═══ Records

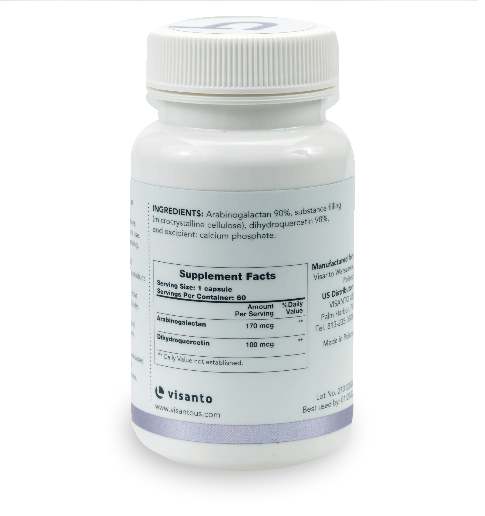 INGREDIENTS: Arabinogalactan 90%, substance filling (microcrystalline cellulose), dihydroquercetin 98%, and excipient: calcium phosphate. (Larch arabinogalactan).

══════
═══ Records

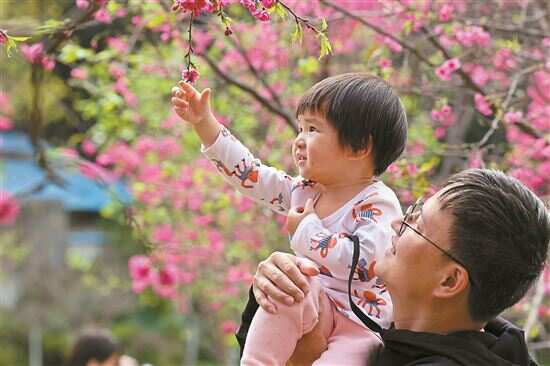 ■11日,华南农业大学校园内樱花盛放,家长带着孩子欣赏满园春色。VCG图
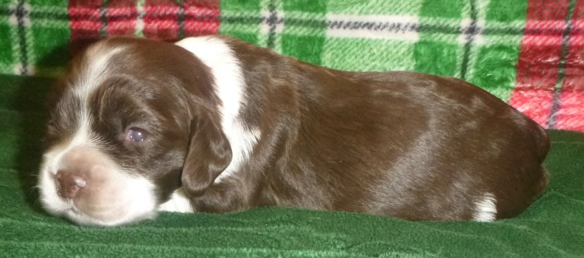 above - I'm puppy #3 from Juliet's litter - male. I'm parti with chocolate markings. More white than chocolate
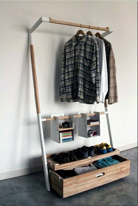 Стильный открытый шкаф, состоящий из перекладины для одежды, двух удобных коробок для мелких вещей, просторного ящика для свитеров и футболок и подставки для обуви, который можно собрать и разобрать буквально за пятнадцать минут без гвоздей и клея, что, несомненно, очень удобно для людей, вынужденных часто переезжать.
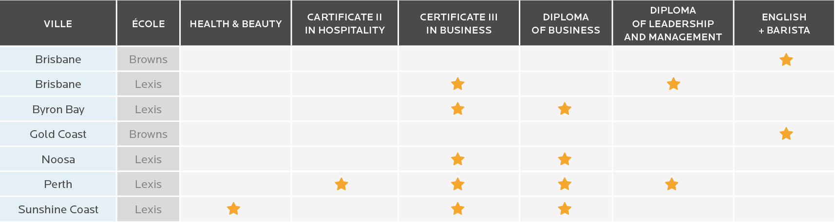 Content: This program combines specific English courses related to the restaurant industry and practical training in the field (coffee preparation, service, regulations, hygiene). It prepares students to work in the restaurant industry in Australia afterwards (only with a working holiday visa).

══════

> **What you have to do**
For this task, return exactly the stretch of the listing above from the line with "Стильный открытый шкаф, состоящий" through the line with "Content: This program", inclusive and without pictures.

> **Task result**
 Стильный открытый шкаф, состоящий из перекладины для одежды, двух удобных коробок для мелких вещей, просторного ящика для свитеров и футболок и подставки для обуви, который можно собрать и разобрать буквально за пятнадцать минут без гвоздей и клея, что, несомненно, очень удобно для людей, вынужденных часто переезжать.
 Content: This program combines specific English courses related to the restaurant industry and practical training in the field (coffee preparation, service, regulations, hygiene). It prepares students to work in the restaurant industry in Australia afterwards (only with a working holiday visa).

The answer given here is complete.